I'm starting to wonder if the most effective way to protect against prompt injection is to use an additional layer of (hopefully) a smaller model.
As in, another prompt that searches the input and/or output for questionable content before sending the result. The question will be if that is also susceptible, but I suspect fine tuning an LLM only to do the task of filtering and not parsing will be easier to control.
The way forward eventually is going to be to just not bother with any of this crap, and let it run free. The tech exists, and the problematic outputs are what the user says they want, eventually they're going to win out.
I think you’re both right. Microsoft won’t let theirs run free but there will be other vendors that do.
Who is intimately responsible for all of this?
Is it the end user? Don’t ask questions you don’t want to hear potentially dangerous answers to.
Is it Microsoft? It’s their product.
Is it OpenAI as Microsoft’s vendor?
When we start plugging in the moderation AI is it their responsibility for things that slip through?
Who and where did they get their training data from? And is there any ability to attribute things back to specific sources of training data and blame and block them?
Lots of layers. Little to no humans directly responsible for what it decides to say.
We used to see those articles, but now that the models are actually good enough to be useful I think people are much more willing to overlook the flaws.
I agree with 99% of the statements made here, but I think a lot of them are now problems.

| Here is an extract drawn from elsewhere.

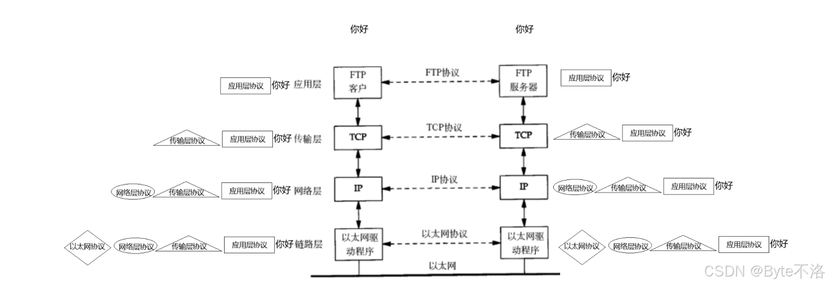 由图可知,我们的网络协议栈的层状结构中,每一层都有协议,所以现在假如我们想要给另一个电脑发送一个你好,在应用层,会在你好这个有效数据前增加应用层协议,在传输层中,会在应用层的基础上,增加传输层协议,在网络层会增加网络层协议等等,到了另一台主机之后,会将这些协议一一拆解,在链路层,会将以太网协议清除,将剩下的数据交给网络层,同样的,在网络层,会将网络层的协议进行拆除,将剩下的数据在交给传输层,就这样一一往上拆解交付,最后另一天主机就可以接收到你好这个数据了。

I think the big thing to consider is: We're still in the early days and there is a lot of low hanging fruit. It is possible that the number of potential injection attacks is innumerable, but it seems more likely to me that these will end up following patterns that will eventually be able to be classified into a finite number of groups (just with all other attack vectors), though the number of classifications might be significantly higher than structured languages.
That doesn't mean we won't find zero days, but it does mean that it won't be nearly as easy as it is today and companies will worry less about repetitional damage. If we could reliably have a human moderator determine if message is prompt injection or not, that should be able to be modelled.

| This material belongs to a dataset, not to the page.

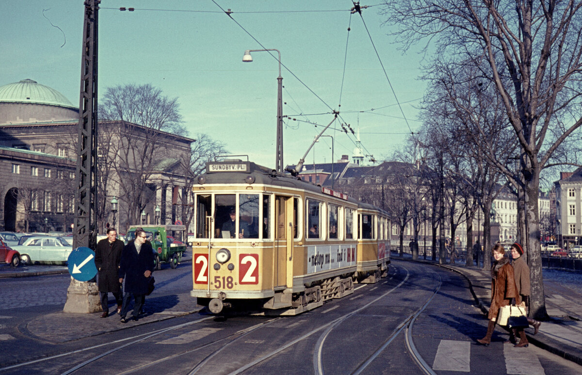 København / Kopenhagen Københavns Sporveje (KS) SL 2 (Großraumtriebwagen 518) København, Slotsholmen, Christiansborg Slotsplads / Holmens Bro im März 1969. - Links befindet sich Christiansborg Slot (: Schloss), wo das dänische Folketing, d.h. Parlament, seinen Sitz hat. Im Hintergrund sieht man auf der linken Seite die Schlosskirche (Christiansborg Slotskirke), die vom dänischen Architekten C.F. Hansen in den Jahren 1813-26 im klassizistischen Stil errichtet wurde, und auf der rechten Seite (teilweise hinter den Bäumen) die Statue vom Bischof Absalon, dem Gründer der Stadt Kopenhagen im Jahre 1167. Die Statue steht auf dem Højbro Plads (Højbro: Hohe Brücke). - Das dänische Wort 'holm' bedeutet 'Werder'. - Scan eines Diapositivs.

I also think key to the approach is not to necessarily catch the injection before it's sent to the model, instead we should be evaluating the model response along with the input and block outputs that violate the rules of that service. That means you'd still waste resources with an injection, but filtering the output is a much simpler task.
Even as models get more capable and are able to do more and more tasks autonomously, that is most likely going to look like an LLM returning a code block that has a set of commands that are sandboxed. Like the LLM returns 'send-email <email> <subject> <message>`, which means there still will be a chance to moderate before the action is actually executed. Unless something changes significantly in the architecture of LLMs (which of course will happen at some point), this is how we would approach this today, and judging by bing's exfiltrated prompt, appears to be how they're doing it with search.
Also think, for things like Bing, and what most people are doing prompt injection for, the interest in this will subside once open source models catch up. This will also mean a new era for all of us because the genie will be fully out of the bottle.
As in, another prompt that searches the input and/or output for questionable content before sending the result. The question will be if that is also susceptible, but I suspect fine tuning an LLM only to do the task of filtering and not parsing will be easier to control.